TX1 PCIe 4X bandwidth bottleneck ?

Just FYI, you can make the lspci output format nicely on the forum if you edit your post with the lspci info via the “pencil” icon in the upper right (hover the mouse over the quote in upper right and other icons will pop up), and when editing highlight the whole lspci output and then click on the “block quote” icon in upper right (looks like “</>”). The indentation will be preserved.

On the PCIe side: The bridges at 00:01.0 and 01:00.0 are running at 5GT/s, so with four lanes these PCIe bridges will not be a limit of bandwidth.

For bridges at: 02:01.0, 02:05.0, 02:07.0, 02:09.0: These bridges are also running 5GT/s, but use only one lane…this would be a limitation on bandwidth for any of the higher bandwidth devices, but not for any single device (these show as an 8-lane 8-port bridge, but only one lane is used per port). I’m not positive, but I think what you have there is essentially a splitter where the host side has many lanes available, but only a single lane is ever dedicated to data passing through it to any particular PCIe end point.
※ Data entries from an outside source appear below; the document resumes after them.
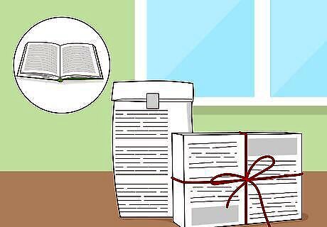 Use old book pages as gift wrap. Wrap small gifts with the double truck pages from an old book or coloring book.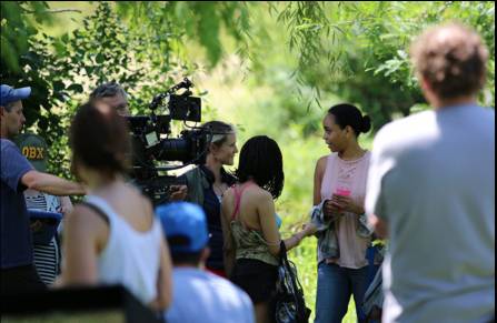When putting the new Cable Television schedule together, I found the IMDB page for the Stockade Works production of The Rest of Us, an independent film about a mental health crisis on a college campus. The following are some photos during the making of the film with Stockade Works foundress, Mary Stuart Masterson consulting with the crew during filming, and watching the "rushes" of recently filmed scenes. Enjoy the scenery of Upstate New York that provided the backdrop for the film.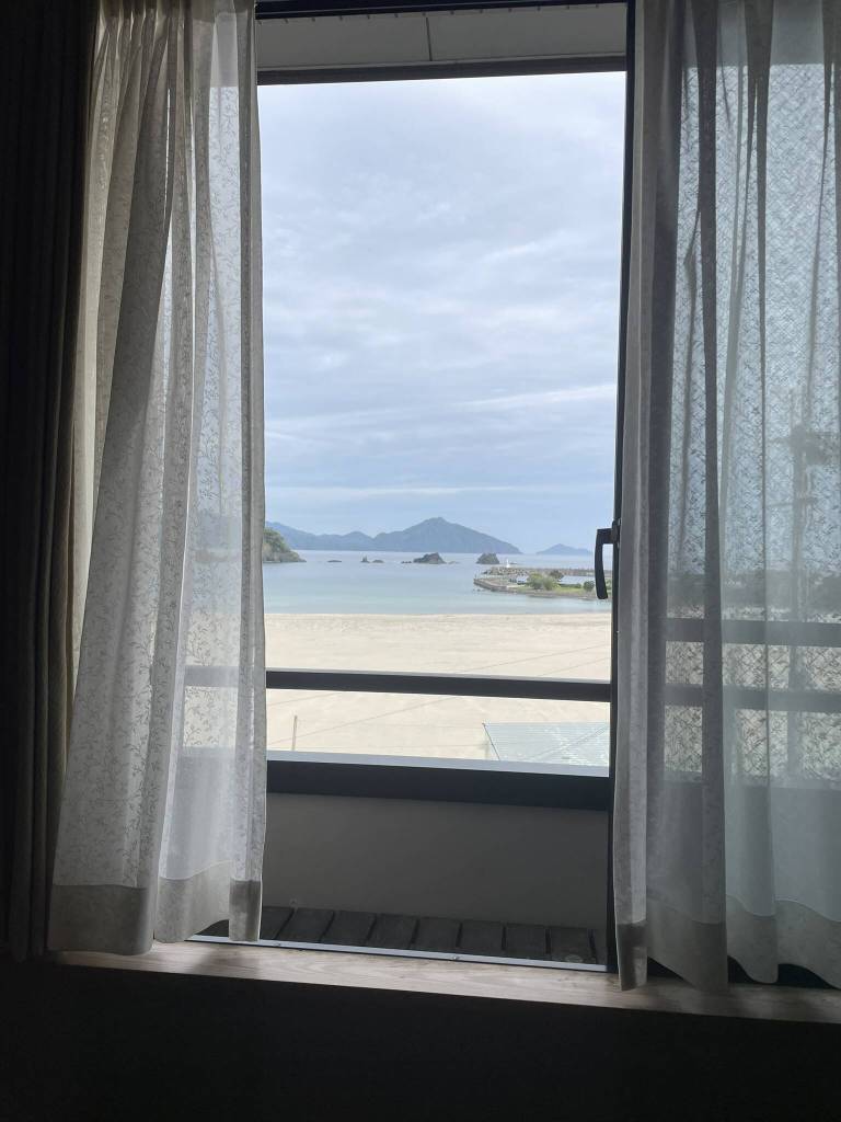 As the sun disappears behind the clouds, I head to the local convenience store to buy a bento for dinner and then return to the ryokan. I quickly eat, before venturing to the top floor of the building, where I have the public bath completely to myself. After a relaxing soak, I take advantage of my room’s small balcony and enjoy the soothing sound of the waves breaking on the shore.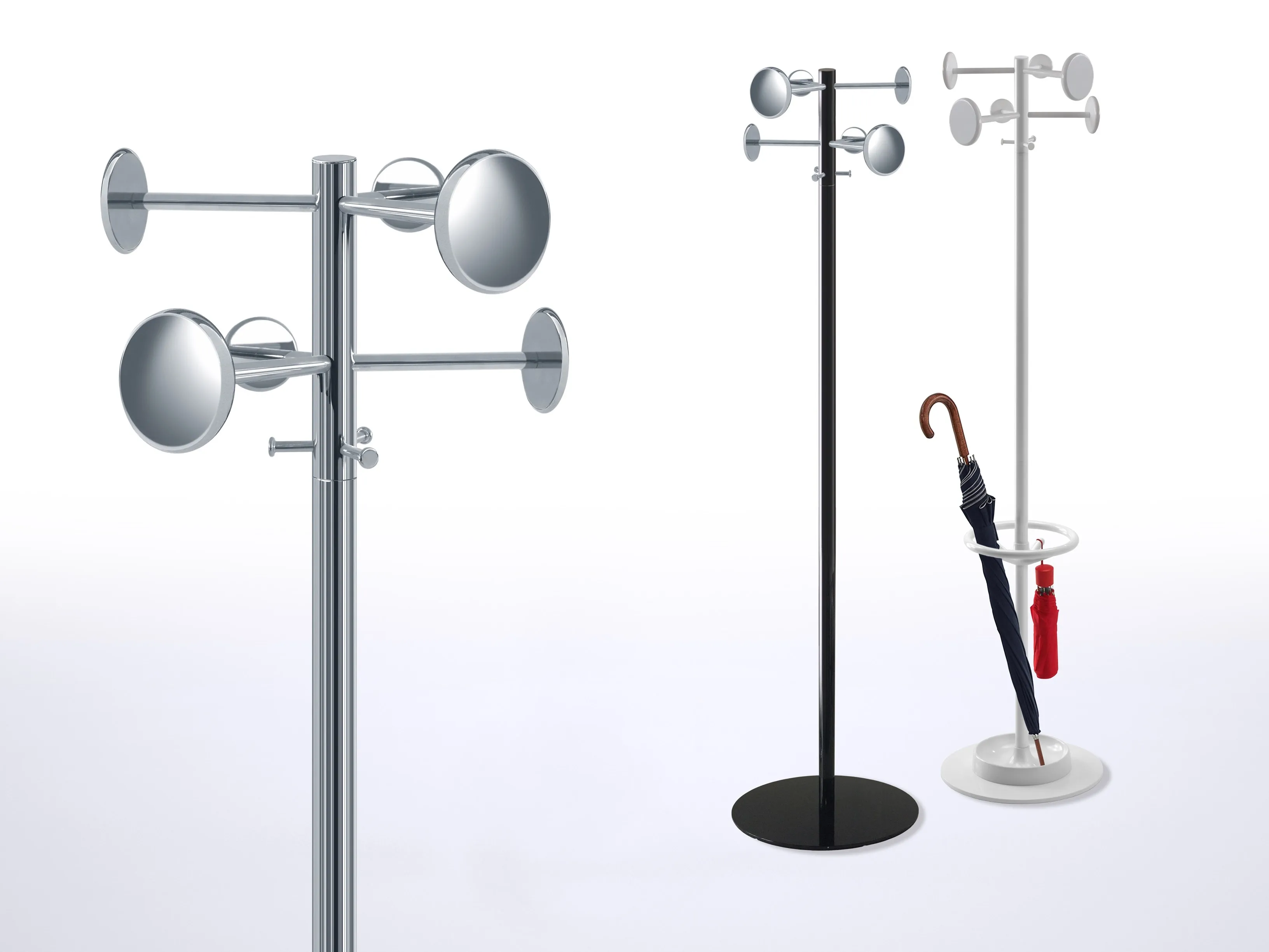 Super Ego родился как вариант Alter Ego, из которых удваивает возможности использования, в результате чего 6 уютных дисков поддержки, тем самым еще больше повышая универсальность оригинальной модели. материалы: головка, стержень и основание из окрашенной стали, или с хромированными деталями, или полностью хромированные. полиэфирная прокладка для пола. дополнительный комплект зонтов из технического полимера.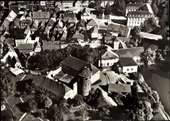 Ak Neustadt Glewe in Mecklenburg, Burg, Vogelschau
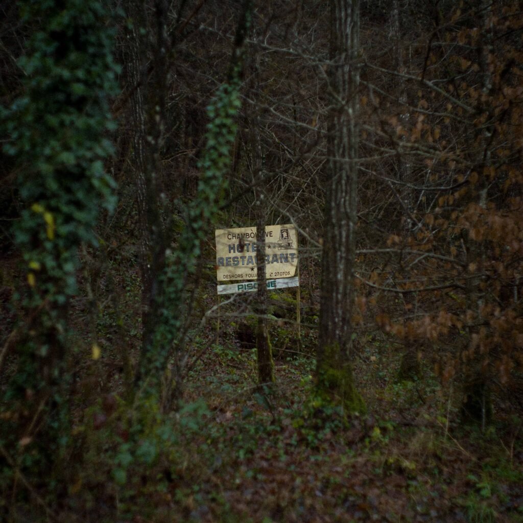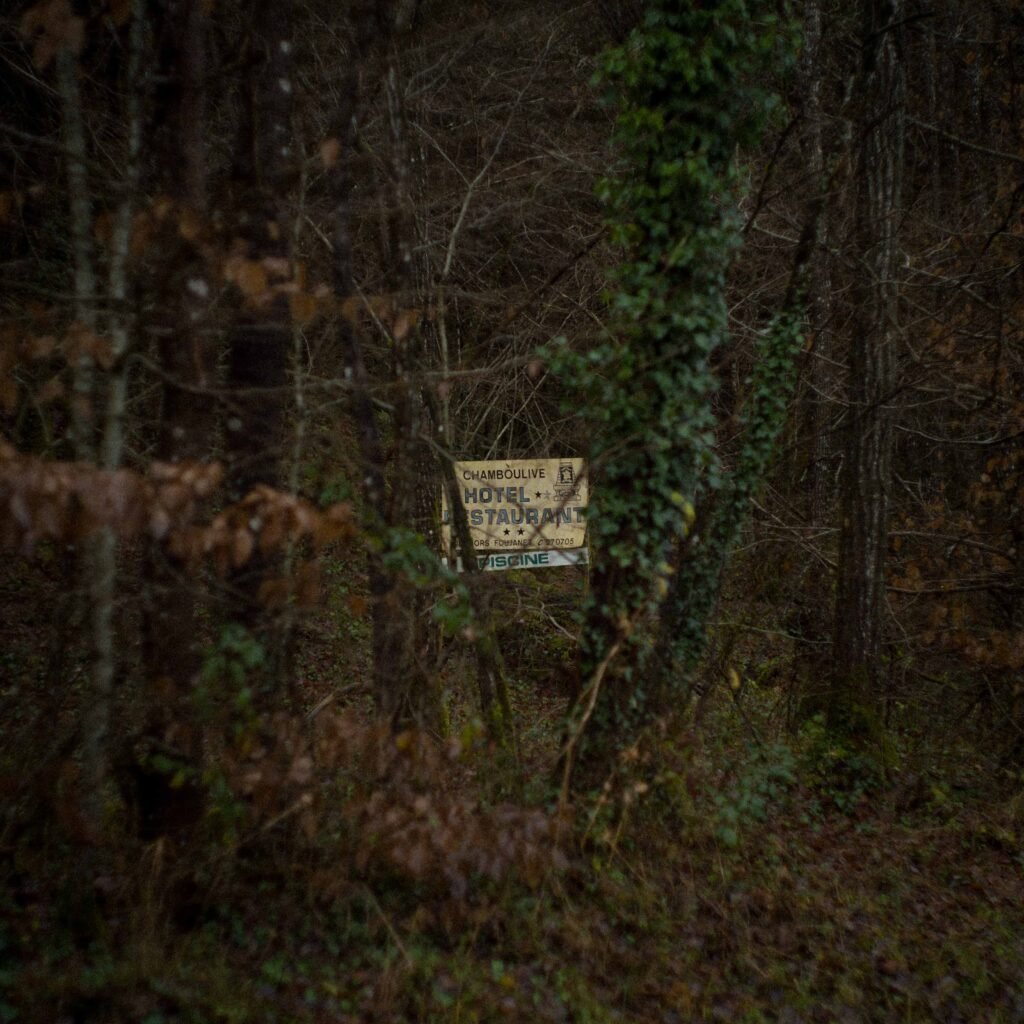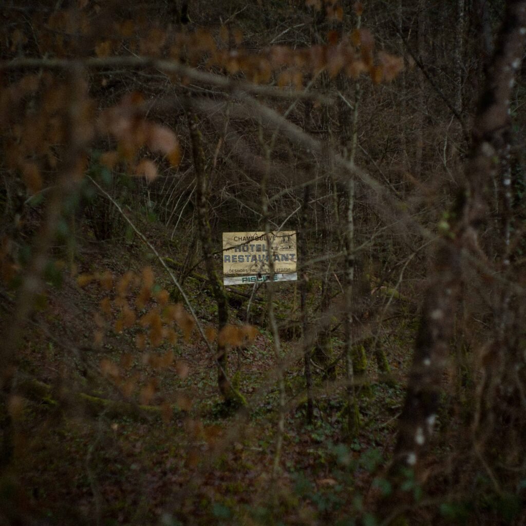 chamboulive, numéro de téléphone à six chiffres, je pense que la piscine n’existe plus depuis longtemps, l’hôtel existe peut-être encore, pas sûr, le panneau lui est maintenant perdu au milieu d’un bois

One lane is certainly fast enough to not limit any individual device, but if two devices are put on a single lane you could hit bandwidth limitations. It might be of interest to see layout via:

sudo lspci -t

The USB3 controllers at 03:00.0, 04:00.0, 05:00.0, and 06:00.0 run at the full 5GT/s of PCIe V2, but each uses only a single PCIe lane. This means the PCIe side has roughly a peak throughput of (5Gbit/s * 8bit/10bit) = 4Gbit/s available regardless of peak USB3 speed. USB3 is listed as 5Gbit/s (overhead means actual data transferred is less than 5Gbit/s, but all of the overhead must pass through the PCIe lane). If a single USB3 device is connected to the single lane PCIe at PCIe V2, then that device cannot quite reach its raw throughput of 5Gbit/s (though it can come close for your purposes). Do you connect more than one device to any USB3 port? If so, what is the combined bandwidth required for all of the devices on that port (e.g., through a USB3 HUB)? You should probably be ok on bandwidth if only a single high-usage USB device is on a given port…you will run into limitations fast if more than one high bandwidth device is connected via HUB to a single port.

I’m not positive about any individual camera bandwidth, it looks like you would not have problems if each USB3 port has its own PCIe V2 lane, and if only one device is connected per USB3 port. A tree of USB topology (“lsusb -t”) and PCIe topology (“lspci -t”) might show if best use of PCIe and USB3 are arranged to make best use of bandwidth.